> EXTRACTED ENTRIES:
*-*-*
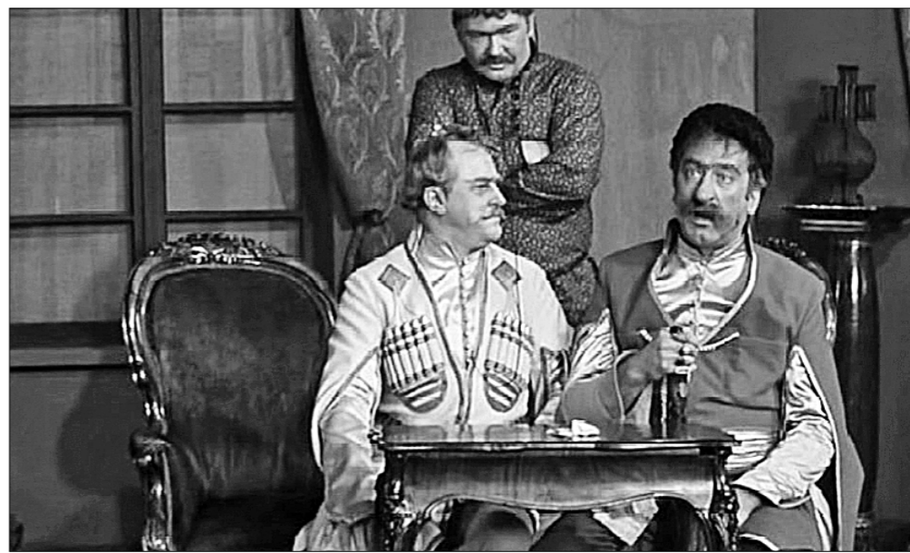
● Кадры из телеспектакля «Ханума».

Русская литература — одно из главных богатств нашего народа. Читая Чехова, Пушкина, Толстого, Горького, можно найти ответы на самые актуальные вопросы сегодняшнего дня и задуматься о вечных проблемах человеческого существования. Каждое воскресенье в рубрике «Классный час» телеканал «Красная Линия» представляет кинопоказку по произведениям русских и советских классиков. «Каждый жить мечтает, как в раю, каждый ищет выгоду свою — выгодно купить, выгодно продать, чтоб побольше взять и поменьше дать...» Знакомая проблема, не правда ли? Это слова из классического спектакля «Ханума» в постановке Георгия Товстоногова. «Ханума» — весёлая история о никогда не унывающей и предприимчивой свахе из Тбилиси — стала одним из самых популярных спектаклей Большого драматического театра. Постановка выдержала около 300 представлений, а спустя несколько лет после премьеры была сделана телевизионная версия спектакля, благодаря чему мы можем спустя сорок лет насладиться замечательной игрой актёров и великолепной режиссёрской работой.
*-*-*
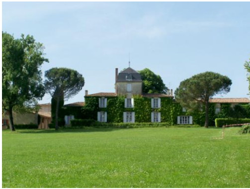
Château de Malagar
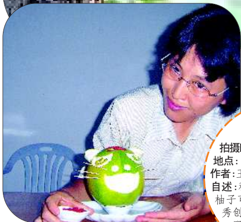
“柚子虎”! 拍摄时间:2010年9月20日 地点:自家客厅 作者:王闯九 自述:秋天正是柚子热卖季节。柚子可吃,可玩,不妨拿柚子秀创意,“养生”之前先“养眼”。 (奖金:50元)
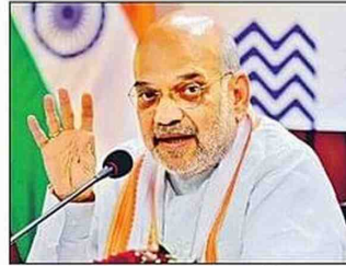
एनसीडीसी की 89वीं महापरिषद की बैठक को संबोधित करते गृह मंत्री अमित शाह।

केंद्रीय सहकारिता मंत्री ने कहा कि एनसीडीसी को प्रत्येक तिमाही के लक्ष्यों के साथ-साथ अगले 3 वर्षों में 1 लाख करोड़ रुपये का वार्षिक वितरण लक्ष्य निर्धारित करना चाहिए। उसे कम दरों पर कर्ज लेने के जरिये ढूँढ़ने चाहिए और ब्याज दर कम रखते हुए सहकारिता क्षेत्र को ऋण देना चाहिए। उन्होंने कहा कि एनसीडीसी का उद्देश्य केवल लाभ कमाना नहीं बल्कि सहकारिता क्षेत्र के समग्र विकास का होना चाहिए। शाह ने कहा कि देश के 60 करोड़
*-*-*
> ABOUT THIS EXERCISE:
Return a word-for-word copy of the lines above from the one holding "एनसीडीसी की 89वीं" through the one holding "केंद्रीय सहकारिता मंत्री", with both of them included and nothing besides.

> ANSWER SPACE:
एनसीडीसी की 89वीं महापरिषद की बैठक को संबोधित करते गृह मंत्री अमित शाह।

केंद्रीय सहकारिता मंत्री ने कहा कि एनसीडीसी को प्रत्येक तिमाही के लक्ष्यों के साथ-साथ अगले 3 वर्षों में 1 लाख करोड़ रुपये का वार्षिक वितरण लक्ष्य निर्धारित करना चाहिए। उसे कम दरों पर कर्ज लेने के जरिये ढूँढ़ने चाहिए और ब्याज दर कम रखते हुए सहकारिता क्षेत्र को ऋण देना चाहिए। उन्होंने कहा कि एनसीडीसी का उद्देश्य केवल लाभ कमाना नहीं बल्कि सहकारिता क्षेत्र के समग्र विकास का होना चाहिए। शाह ने कहा कि देश के 60 करोड़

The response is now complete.